Laugh & Learn with Funny Books about Science and Math

Whether math was your high school nemesis or science is your favorite thing, you can learn something new (and have a good time!) with these hilarious and informative reads.

Randall Munroe

Author of the wildly popular and extremely funny webcomic xkcd, Munroe is also a former NASA roboticist and programmer with a background in physics. While xkcd is always worth a read—fun fact: Munroe won a Hugo Award in 2014 for one of his strips—he is also a semi-regular contributor to the New York Times' science and technology pages (check out our FAQ to learn how to access NYT articles for free with your library card) and has published three books: What If?, which includes science-based answers to questions like what if everyone on earth went to one place and jumped and how many machine guns do you need to make a jet pack; Thing Explainer, which breaks down and explains the inner workings of complex machines using one the 1,000 most common words in the English language; and How to, which teaches you the objectively worst ways to ski, make friends, and throw a pool party.

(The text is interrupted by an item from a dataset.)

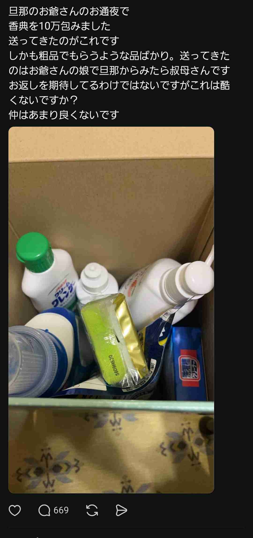 旦那の父親なんだからそんくらい包むだろそりゃ

Still curious? Stop back by the library this fall and pick up What If? 2, scheduled to come out in September.

Matt Parker

Matt Parker is a recreational mathematician (yes, that is a real thing) who writes books and makes YouTube videos that marry stand-up comedy and math (or maths, in this case, since he's an Australian currently living in England). Parker's books are filled with the funny and interesting quirks that pop up when math is improperly applied to the real world, whether that's in Amazon's pricing algorithms, catastrophic engineering failures, or mathematically impossible highway signs. (And bad puns. So many bad puns.) Check out Humble Pi or it's audiobook (narrated by the author!) and Things to Make and Do in the Fourth Dimension


Mary Roach

Mary Roach never intended to become a science writer, but found that, while working as a freelance copywriter for various publications, "it turned out that science stories were always, consistently, the most interesting stories I was assigned to cover." Her books—many of which are bestsellers—cover the science behind things that we don't necessarily think of as very scientific, like the military, cadavers, sex, and more. To dive in her hilariously informative work, check out Fuzz, Grunt, Gulp, Packing for Mars, Bonk, Spook, and Stiff.